2. We may assume that a valid provision to place a lien on the property to secure appellee's fee in the event of a successful termination of the lawsuit could have been placed in the written contract of employment signed by Mr. and Mrs. Williams, and under the evidence the Aveys had such information as would put them on inquiry to ascertain the terms of the contract. But, aside from the fact that, in the absence of an allegation of fraud or mistake, all parol agreements are merged in the writing, it is clear that a verbal agreement to create a lien upon real estate in possession of the promisor is within the statute of frauds and ineffective for any purpose. Lane v. Lloyd, 110 S.W. 401, 33 Ky. Law Rep. 570; Holcomb v. Alterus, 13 Ky. Law Rep. 971; 19 R. C. L. p. 276; 25 R. C. L. p. 570; Newman v. Newman, 103 Ohio 230, 133 N.E. 70, 18 A.L.R. 1090, and annotated notes 1098; Sleeth v. Sampson, 237 N.Y. 69, 142 N.E. 355, 30 A.L.R. 1400, and annotations on page 1403.
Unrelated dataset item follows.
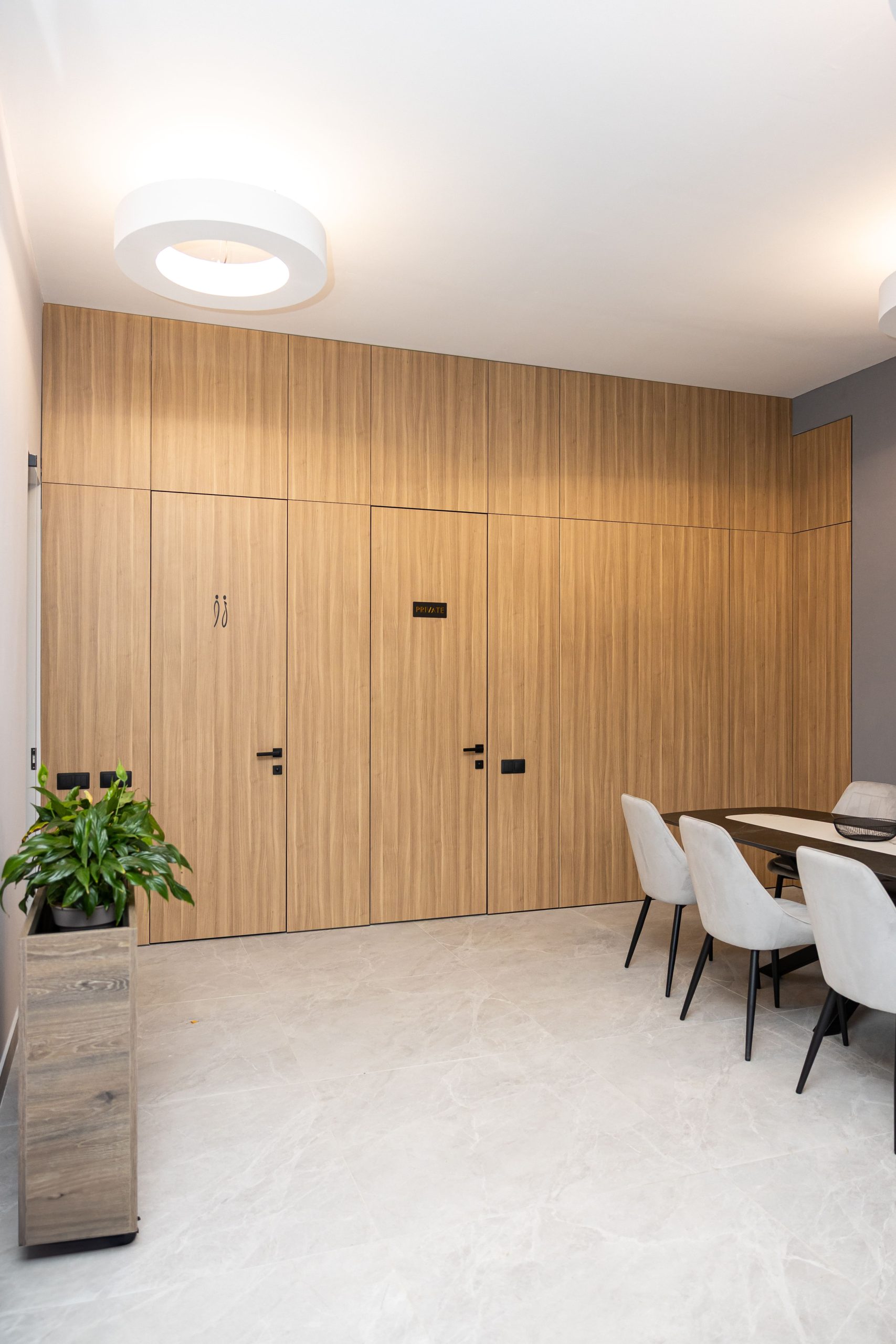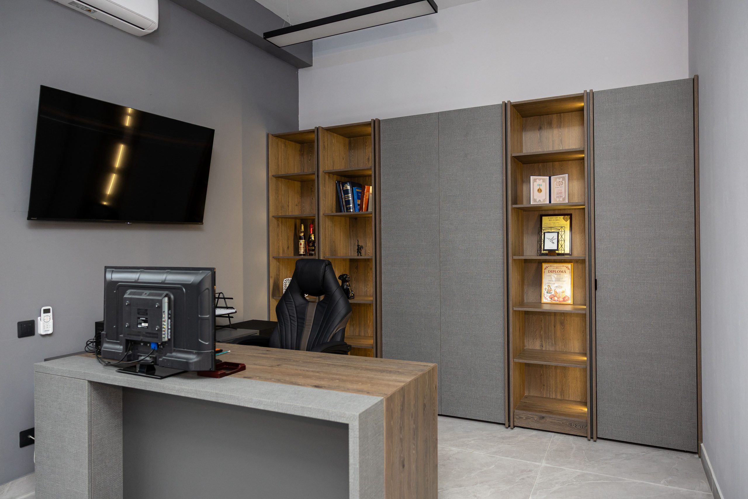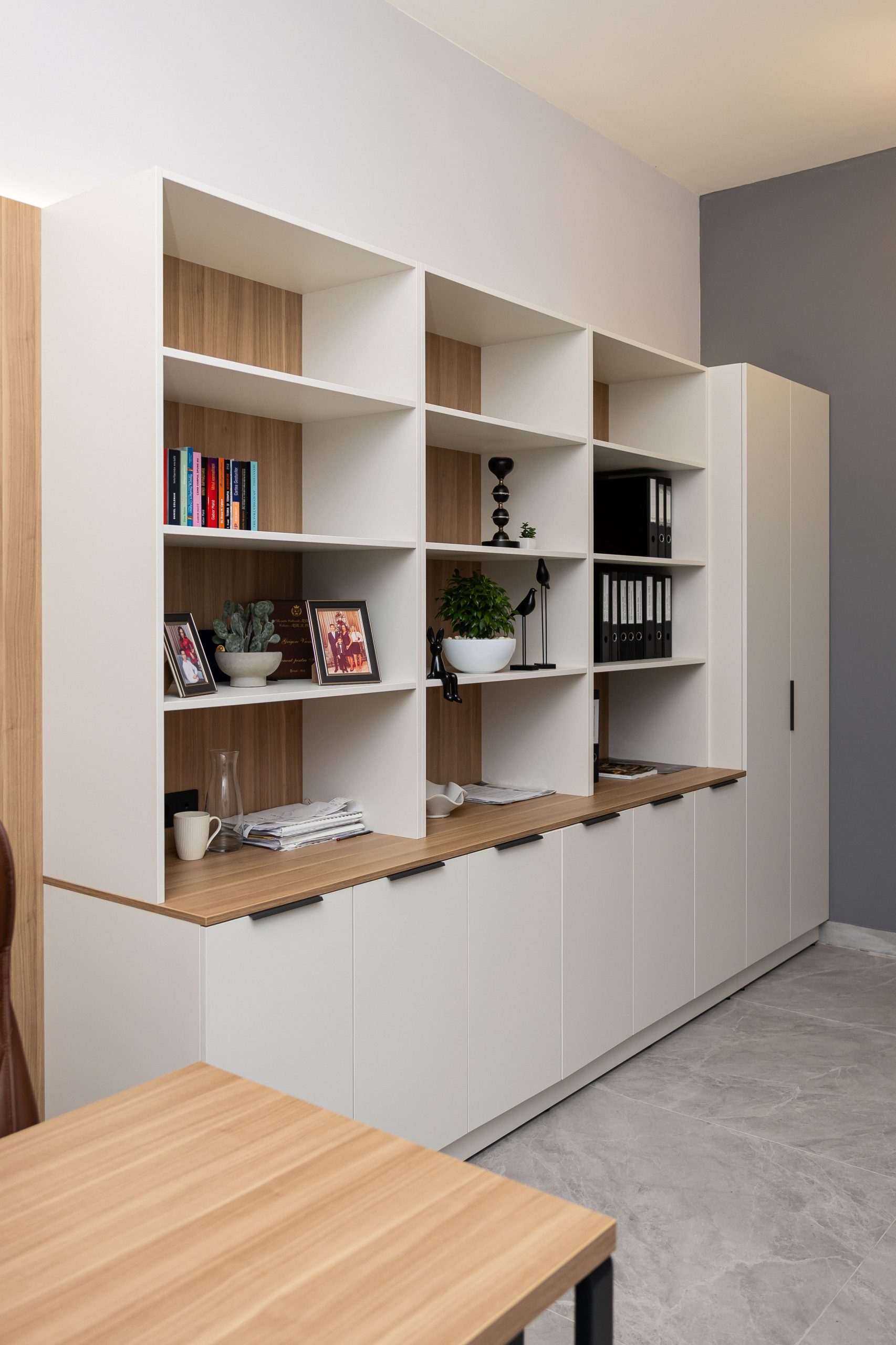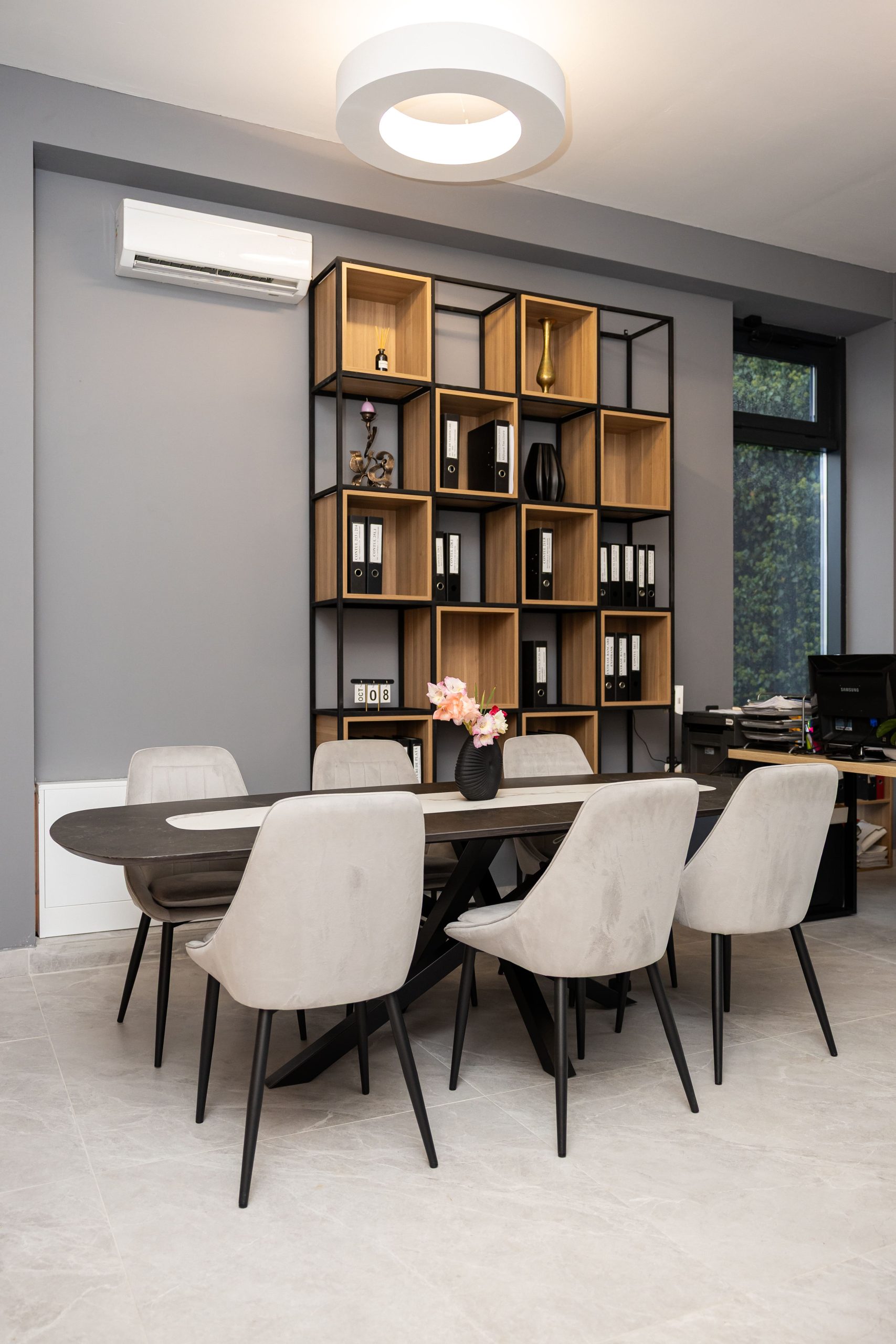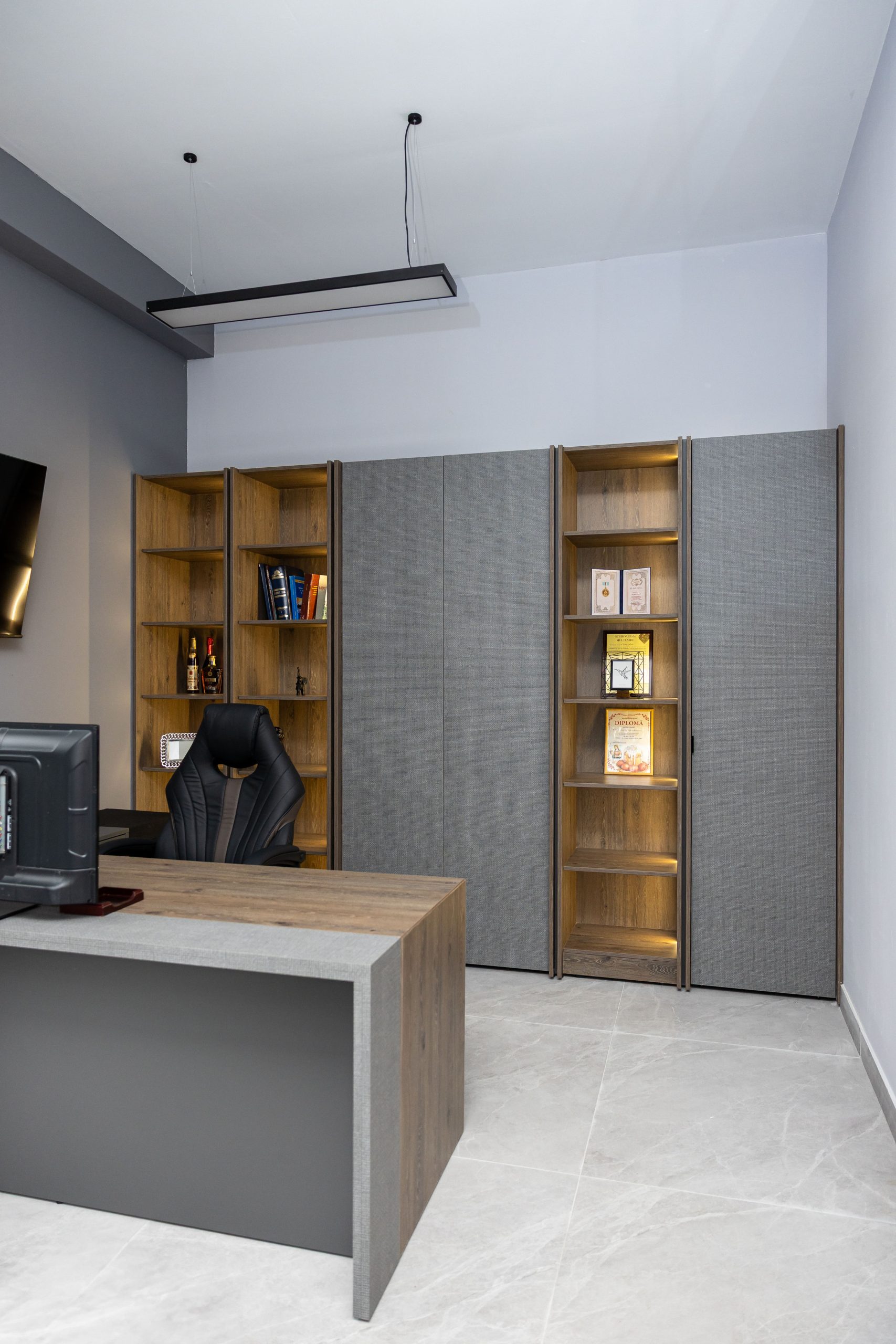 Acest proiect de birou a fost gândit ca un spațiu coerent, în care designul și funcționalitatea lucrează împreună în fiecare detaliu. Elementul central este peretele placat integral cu PAL, finisat cu canturi negre, care creează un efect vizual elegant prin liniile verticale continue. În acest perete sunt integrate două uși filomuro, complet mascate — una duce spre bucătărie, iar cealaltă spre baie. Astfel, spațiile tehnice devin invizibile și nu întrerup estetica generală a încăperii. Am continuat amenajarea cu mobilier personalizat pentru zona de lucru, inclusiv birouri ergonomice poziționate lângă lumină naturală, dar și soluții de depozitare adaptate nevoilor echipei. Sala de ședințe este completată de o masă spațioasă și un sistem de rafturi deschise, care combină funcționalitatea cu un design modern. Întregul proiect este un exemplu clar de optimizare a spațiului, în care fiecare zonă – de la birouri, până la bucătărie și baie – este integrată într-un concept unitar și bine echilibrat.
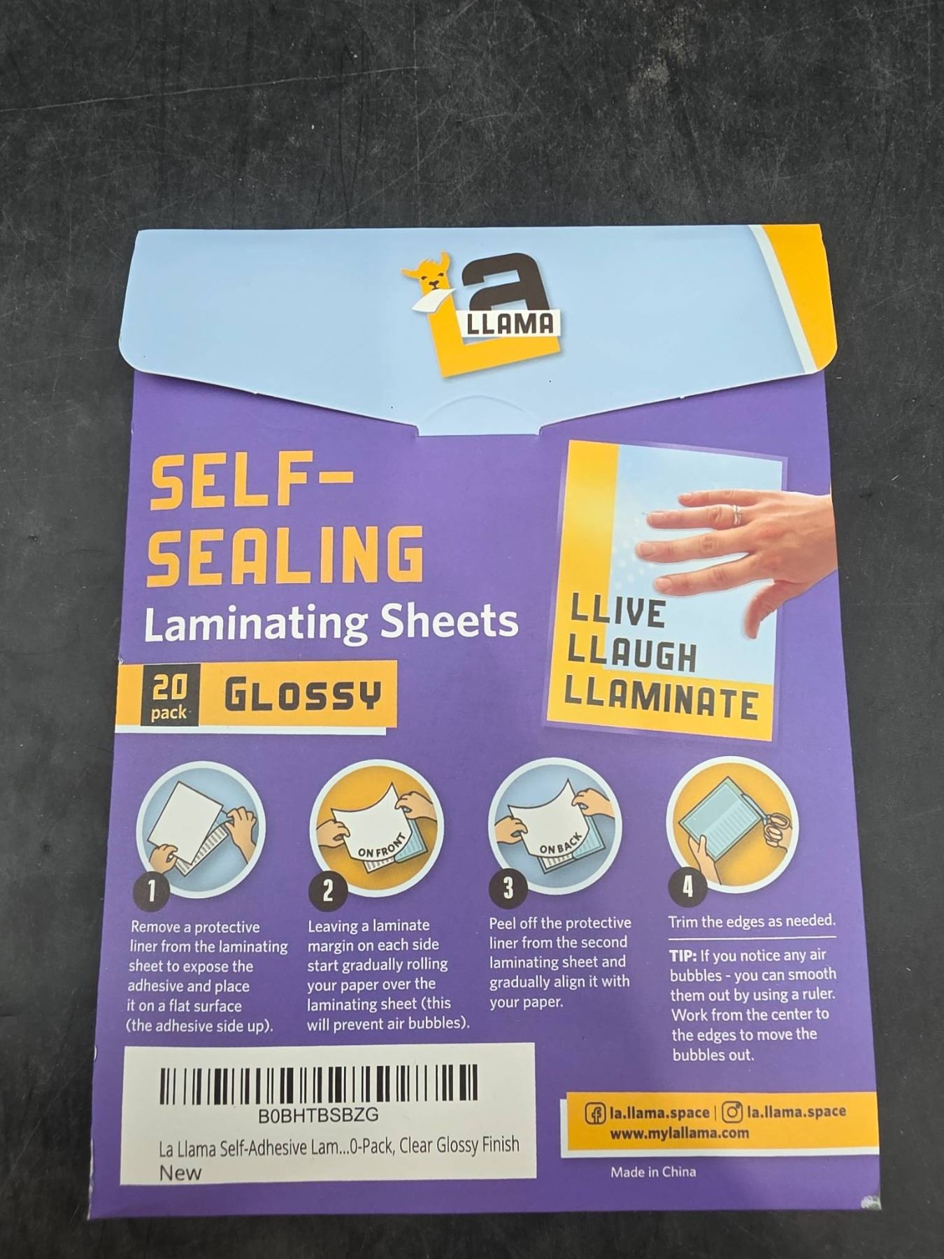 Llama Self-Sealing Laminating Sheets 20 Packs 4.3 x 6.3 Inches Glossy

3. As no lien, equitable or otherwise, was acquired by virtue of the alleged parol agreement, the provision in the mortgage executed to Via that the lien therein created should be superior to all others could not affect Avey's prior recorded mortgage, section 497, Ky. Statutes; Asher v. Brock, 95 Ky. 270, 24 S.W. 1070, 15 Ky. Law Rep. 631; Stahl v. Lowe, 38 S.W. 862, 18 Ky. Law Rep. 946, 19 Ky. Law Rep. 210; Jones v. Allen, 88 Ky. 381, 11 S.W. 289, 10 Ky. Law Rep. 962; White v. O'Bannon, 86 Ky. 101, 5 S.W. 346, 9 Ky. Law Rep. 334. And, as the mortgage to Aveys is not attacked under the statute of 1856, section 1906, Ky. Statutes, it is not fraudulent as to creditors, although given for the purpose of preference. For the reasons indicated, the mortgage to the Aveys is entitled to priority over Via's mortgage in a distribution of the proceeds of sale, and the court erred in not so holding.
Wherefore the judgment is reversed, and cause remanded, for proceedings consistent with this opinion.